# Como calcular una antena de tipo bobina para montaje en PCB 433Mhz



## Olaf (Ene 20, 2009)

Hola,

recientemente he adquirido un módulo transmisor QAM-TX1 de QUASAR para hacer un enlace de datos a 9600bps
El módulo transmite en *AM a 433Mhz*

Me gustaría hacer una bobina que haga de antena como las que usan los telemandos (Ejemplo: http://www.wireless-products.dk/Antenners/Index-WP-L-ANT-HEXX.htm)

¿Como puedo conocer los valores de diámetro del hilo, número de vueltas, longitud, diámetro de las vueltas ...?

Muchas gracias por vuestra ayuda!


----------



## SantiagoAlvarez (Feb 4, 2009)

un semestre en la u hice un par de bobinas en una materia....los parametros de  construccion dependen basicamente de la frecuencia de oscilacion y del valor del capacitor del circuito tanque. Encontre en la web varias ecuaciones q definen esos parametros que mencionaste (diámetro del hilo, número de vueltas, longitud, diámetro de las vueltas), pero yo viendo de todas (que en realidad dicen lo mismo) resumi una que es sencilla de entender para poder implementar una bobinita. espero q t sirva. Ahi t va...

•	Diseño de la bobina

(no pude ajuntarlo como imagen.....t mando ese informe q hice...espero t sirva...ta en la pag 8....saludos)

   Donde:

L: coeficiente de auto inducción (Henrios)
r:  radio de la sección que comprende una espira (cm)
n: número de espiras
l:  largo de la bobina (cm)
u: coeficiente de permeabilidad del núcleo


----------



## Olaf (Feb 4, 2009)

Muchas gracias Santiago, al final me decante por una antena recta con un hilo de cobre desnudo de 15 cm, que es el valor recomendado para 433Mhz.

Te adjunto una foto aunque no se ve la antena entera.

Saludos!


----------



## thamaphyr (Mar 10, 2009)

Al parecer tengo el mismo problema, no se como hacer la antena para mi circuito donde la frecuencia de transmision es 434 Mhz en modulacion AFK...


----------



## thamaphyr (Mar 10, 2009)

Bueno, mirando una forma mas sencilla de hacer una antena, encontre una sencilla asi como lo planteo olaf en su decision, donde se utiliza un cable de cobre desnudo con una longitud depende de la frecuencia a la cual se va a transmitir.

Lo unico que hay que hacer es realizar la operacion λ/4 (lamda cuartos) y se obtendrá dicha longitud del cable

el λ se calcula mediante la relacion entre la velocidad de la luz y la frecuencia a la cual se va a transmitir.

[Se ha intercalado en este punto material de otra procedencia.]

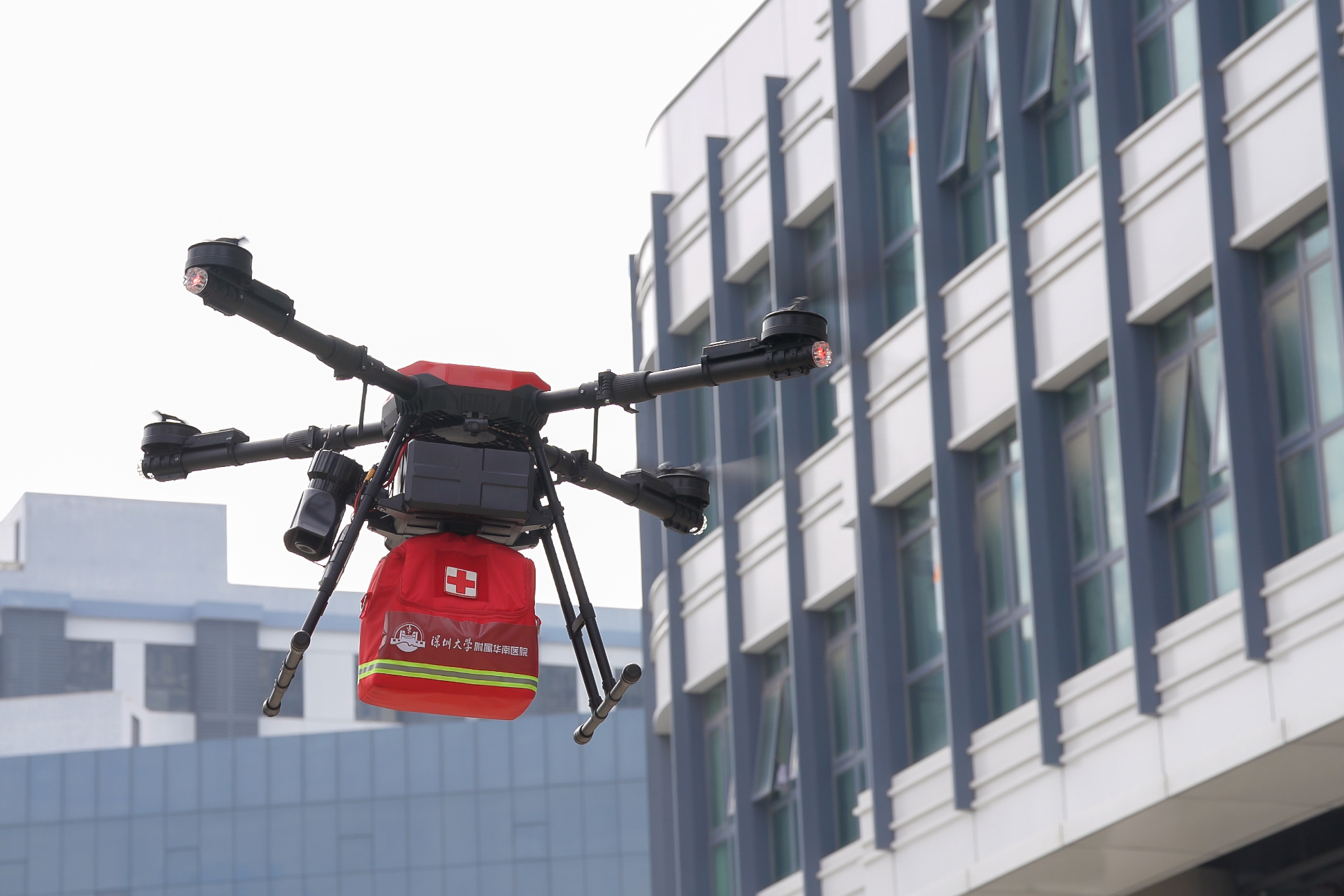 (大公文匯網 記者 郭若溪)1月6日,深圳大學附屬華南醫院舉行了一場針對突發心臟驟停場景開展的模擬試驗,廣場上一架攜帶有智慧眼鏡和AED等急救設備的無人機騰空而起,短短10分鐘便抵達了呼救的既定位置。施救路人迅速取下急救包,佩戴上智慧眼鏡,通過與急救指揮中心的實時可視化通訊,在急診科醫生的指引下,成功對患者實施了心肺復甦,並操作AED進行了搶救。這是該院在全國範圍內率先開展無人機應急智慧救援模擬試驗,為無人機在醫療急救甚至災難醫學的應用上,為海陸空多渠道急救通道的搭建提供了新的研發思路。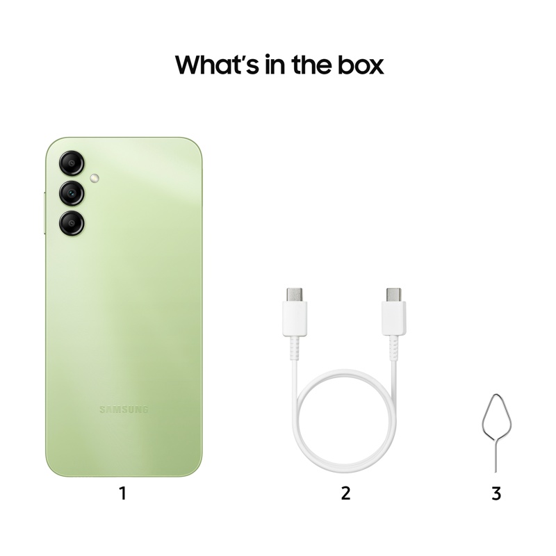 Galaxy A14 5G:n lisäksi: johto (USB-C), SIM-kortin poistotyökalu sekä pikaohje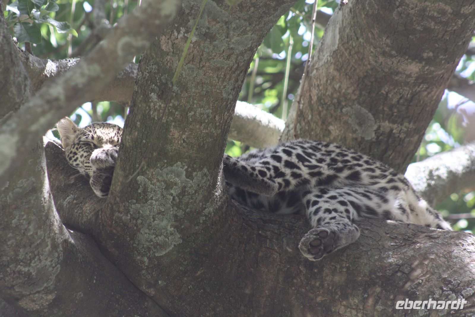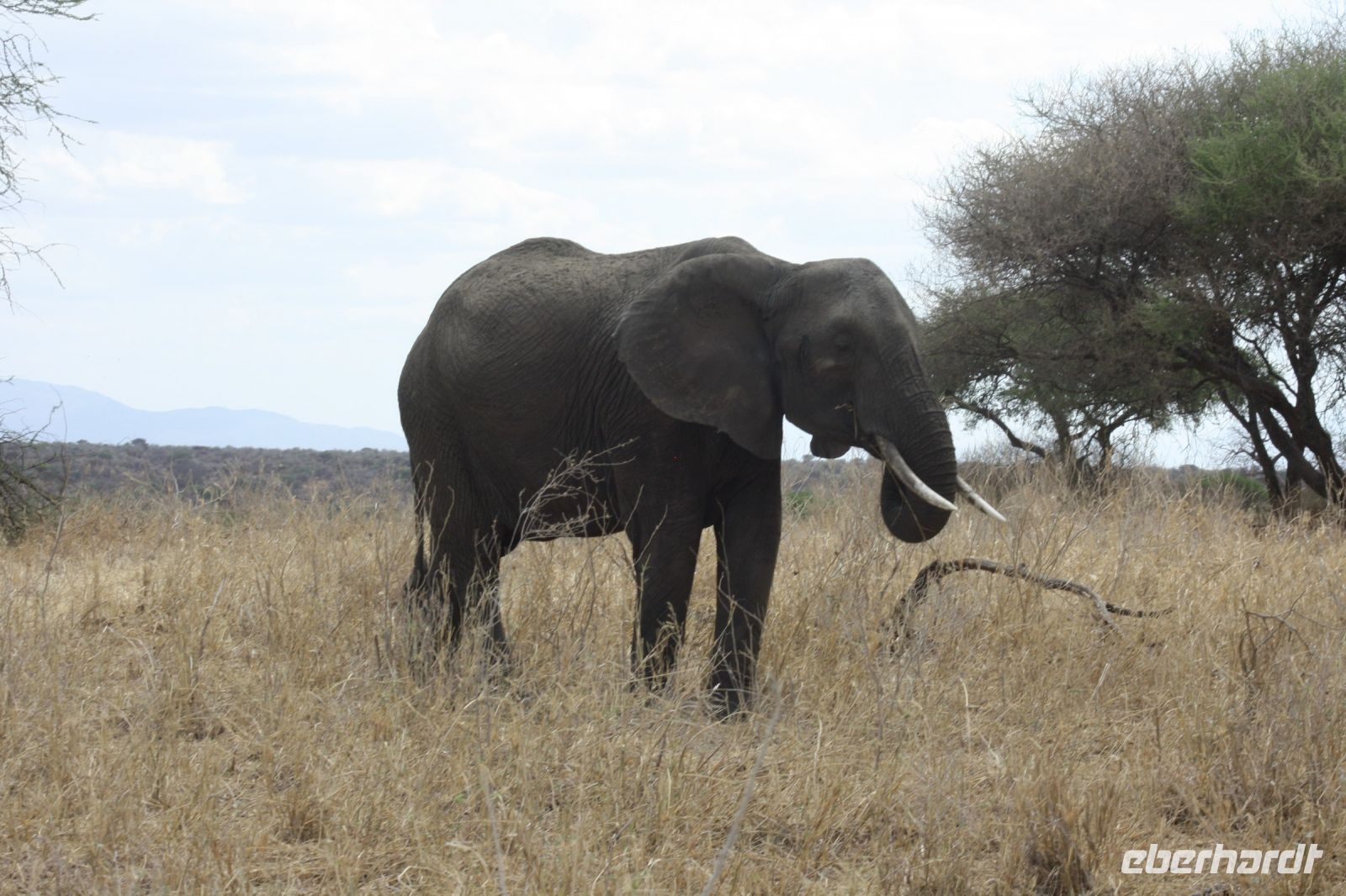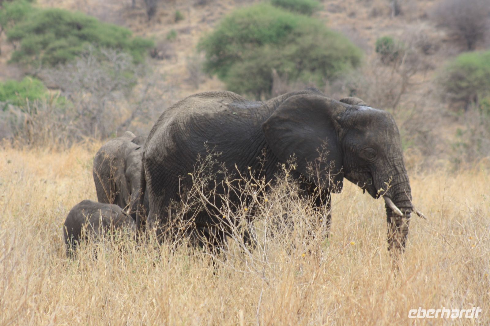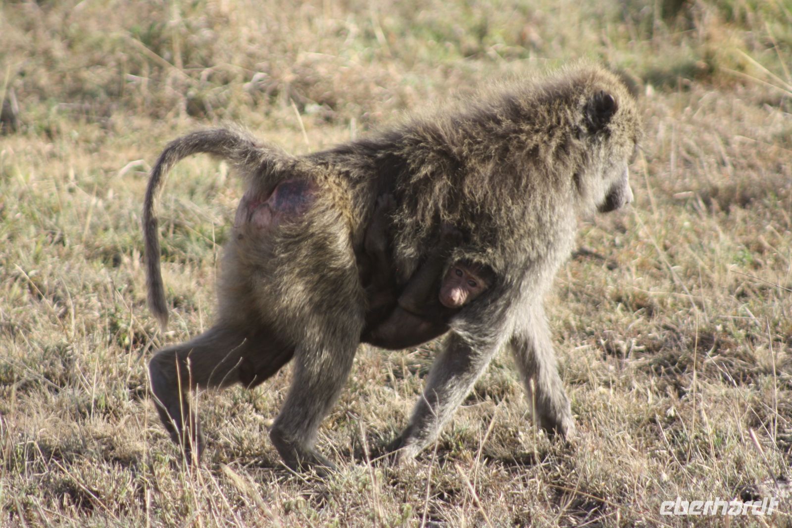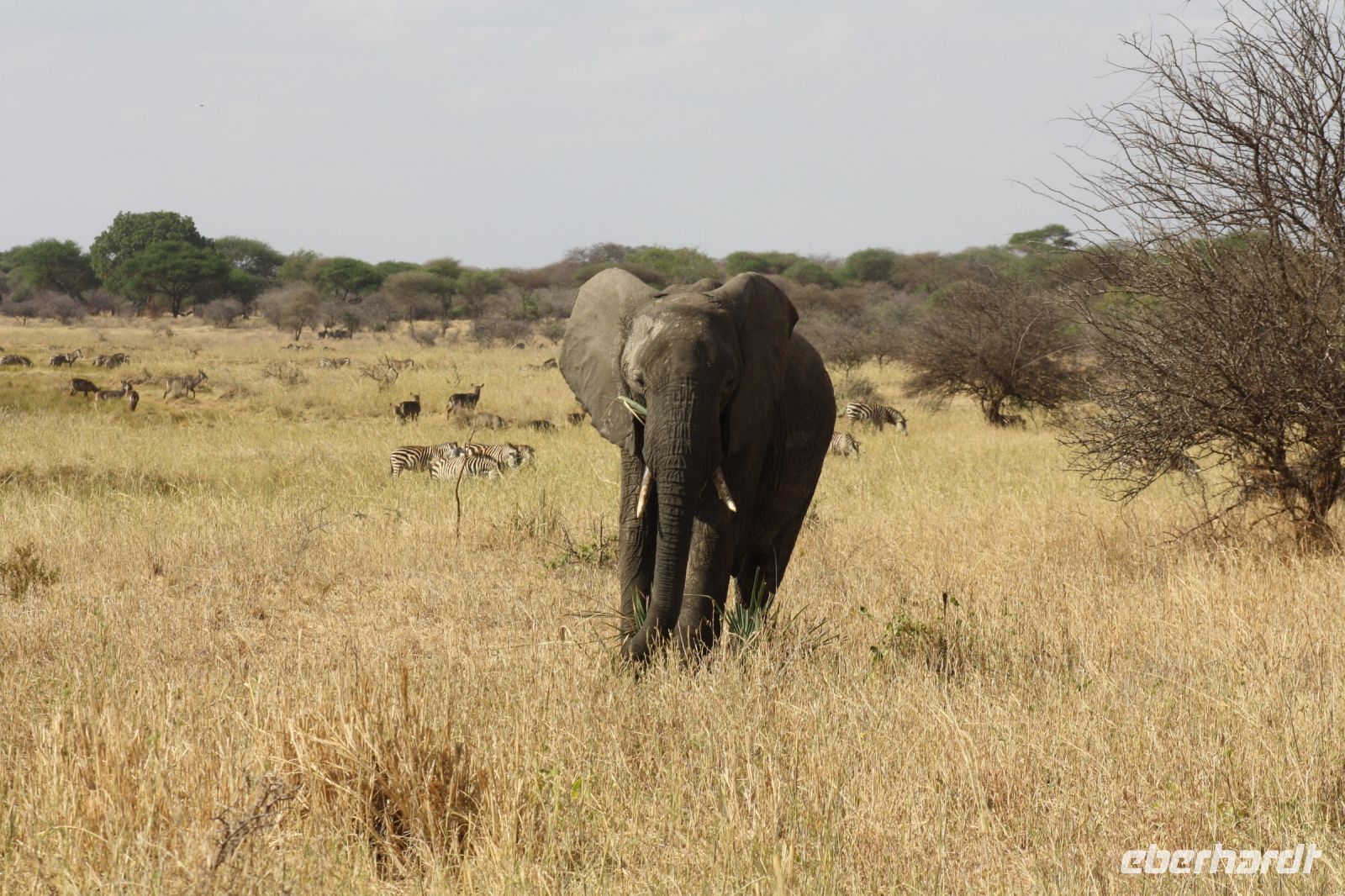 Heute heißt es leider Abschied von unserer liebgewonnene Rivertrees Lodge nehmen. Gemeinsam mit Karim machten wir uns auf dem Weg in Richtung Tarangire Nationalpark. Unterwegs konnten wir einen letzten Blick auf Mount Meru erhaschen, der sich diesmal fast wolkenfrei zeigte. Im Anschluss fuhren wir durch die Stadt Arusha und konnten einen ersten Eindruck von einer afrikanischen Stadt gewinnen. Nach der Stadt erreichten wir die Savanne. Hier konnten man bereits einige Dörfer der Masai entdecken. Die Kinder der Masai passen gemeinsam mit dem Vater auf das Vieh auf. Die Mütter sind für das Essen, das Wasser und auch für das Feuer in den Hütten zuständig. Zudem konnten wir unterwegs Geier mit einem toten Esel erblicken. Um die Mittagszeit erreichten wir das Eingangsgate zum Tarangire Nationalpark. Nach einer schnellen Anmeldung konnte unsere Pirschfahrt beginnen. Zuerst kreuzten Impalas unseren Weg, wo nur die Männer Hörner besitzen. Kurz darauf empfang uns ein Affenblütenbaum, der eigentlich nur nachts blüht, für uns eine Ausnahme machte. Nach kurzer Zeit erreichen wir das Wasserloch, wo sich Zebras, Gnus, Impalas und Warzenschweine begnügten. In kurzer Zeit konnten wir Elanantilopen, Gnus, ein schwarzer Hornrabe und riesige Büffelherde entdecken. Wir waren bereits hin und weg, als wir die Nachricht über einen Leoparden im Baum erhielten. Zum Glück waren wir in der Nähe und konnten uns einen Einblick machen. Leider versteckte sich der Leopard geschickt vor uns, sodass wir nur die Umrisse erahnen konnten. Trotzdem fuhren wir glücklich in Richtung Aussichtspunkt, wo wir eine große Elefantenherde mit Kindern erhaschen konnten. Unsere Mittagspause absolvierten an einen schönen Aussichtspunkt. Gemeinsam mit ein paar Pavianen teilten wir unser Essen und genossen den wunderbaren Ausblick. Nach unserer Mittagspause führten wir unsere Pirsch fort. Im Anschluss konnten wir unzählige Elefanten und Zebras erblicken. Am Fluss konnten wir Geiern bei ihrer Mittagspause zugucken, wo sie eine Giraffe als Mahlzeit verputzten. Des Weiteren erspähten wir Papageien, einen Rotschnabel und Erdmännchen. Ein weiteres Highlight waren drei weibliche Strauße, die mit ihren 22 Babys spazieren gingen. Auf dem Weg zur Lodge liefen uns noch blaue Gabelröcke, Elefant, Dikdik und Warzenschweine über den Weg. Unser Zeltcamp war schön am Rand des Nationalparks gelegen und wir konnten bei dem schönen Sonnenuntergang vom Restaurant aus genießen.

Es sencillo de realizar y soluciono mi problema, aunque no se que tan practico llegara a ser, al documento de santiago le doy mas merito para la fabricacion de una antena en AM, la que me funciono fue tambien modulacion en amplitud pero de forma discreta es decir AFK. pero podria este llegar a ser una solucion rapida y simple.

un saludo


----------